Pemerintah Siapkan Aturan Baru, UMKM Harus Onboarding Digital
JAKARTA – Kementerian Usaha Mikro, Kecil, dan Menengah (UMKM) menyiapkan regulasi baru yang mewajibkan pelaku usaha masuk ke dalam ekosistem digital Sapa UMKM sebagai syarat memperoleh berbagai fasilitas pemerintah, mulai dari akses pembiayaan hingga pengurusan legalitas usaha.
Kebijakan tersebut disiapkan pemerintah untuk mempercepat transformasi digital pelaku usaha sekaligus membangun basis data UMKM nasional yang lebih terintegrasi dan dinamis. Menteri UMKM Maman Abdurrahman mengatakan sistem tersebut nantinya menjadi pusat layanan terpadu berbasis digital bagi pelaku usaha mikro hingga menengah.
“Jadi kami akan dorong aturan bahwa kalau mau dibilang UMKM, harus onboarding dalam sistem Sapa UMKM,” tegas Maman dalam Konferensi Nasional Pengembangan Ekonomi Daerah yang disiarkan melalui kanal YouTube resmi Otoritas Jasa Keuangan (OJK), sebagaimana dilansir Radar Surabaya Bisnis, Senin, (25/05/2026).
Menurut Maman, selama ini pencatatan data UMKM masih bersifat statis sehingga pemerintah perlu membangun sistem yang mampu menghubungkan pelaku usaha dengan berbagai layanan penting secara langsung.
Ke depan, Sapa UMKM akan dikembangkan menjadi layanan terpadu atau Super App yang mencakup pengurusan legalitas usaha seperti Nomor Induk Berusaha (NIB), Pangan Industri Rumah Tangga (PIRT), sertifikasi halal, Badan Pengawas Obat dan Makanan (BPOM), hingga Standar Nasional Indonesia (SNI).
Selain itu, platform tersebut juga akan terintegrasi dengan layanan payment gateway, Quick Response Code Indonesian Standard (QRIS), pelatihan usaha, akses pembiayaan, hingga dukungan teknologi Artificial Intelligence (AI).
Pemerintah juga memproyeksikan Sapa UMKM sebagai cikal bakal marketplace lokal berskala nasional yang terhubung dengan platform PaDi UMKM milik PT Telkom Indonesia.
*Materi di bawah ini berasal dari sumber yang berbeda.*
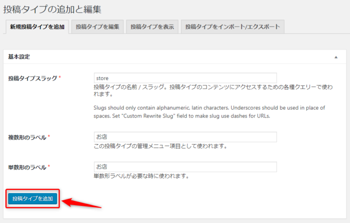 「store」という投稿タイプを作る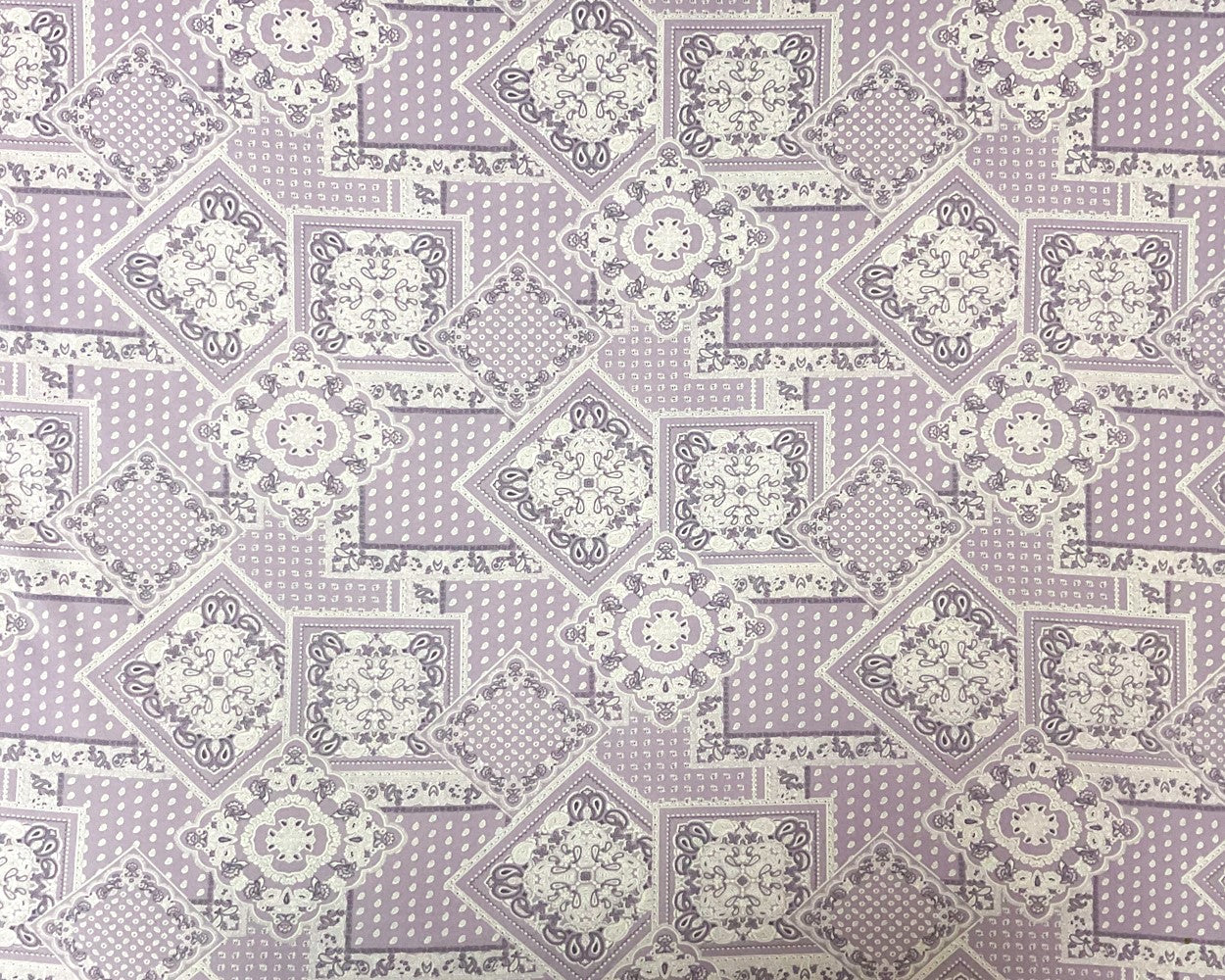 4 1/2 YD PC -Purple-Ivory Poly Spandex Stretch Paisley Print Double Brush Jersey Knit Fabric

Integrasi tersebut diharapkan dapat memperluas akses pasar produk lokal dan memperkuat daya saing UMKM nasional.
Maman mengakui kebijakan kewajiban bergabung ke dalam satu sistem digital berpotensi memunculkan pro dan kontra di kalangan pelaku usaha. Meski demikian, pemerintah menilai langkah tersebut penting untuk mempercepat adaptasi teknologi di sektor UMKM.
“Mereka tidak akan disanksi, hanya saja mereka kehilangan kesempatan untuk mendapatkan pelayanan dan fasilitas-fasilitas yang ada di dalam sistem ini,” pungkas Maman.
Pemerintah berharap penerapan Sapa UMKM mampu mendorong pelaku usaha lebih adaptif terhadap perkembangan digital sekaligus memastikan penyaluran bantuan, pembiayaan, dan layanan usaha menjadi lebih tepat sasaran. []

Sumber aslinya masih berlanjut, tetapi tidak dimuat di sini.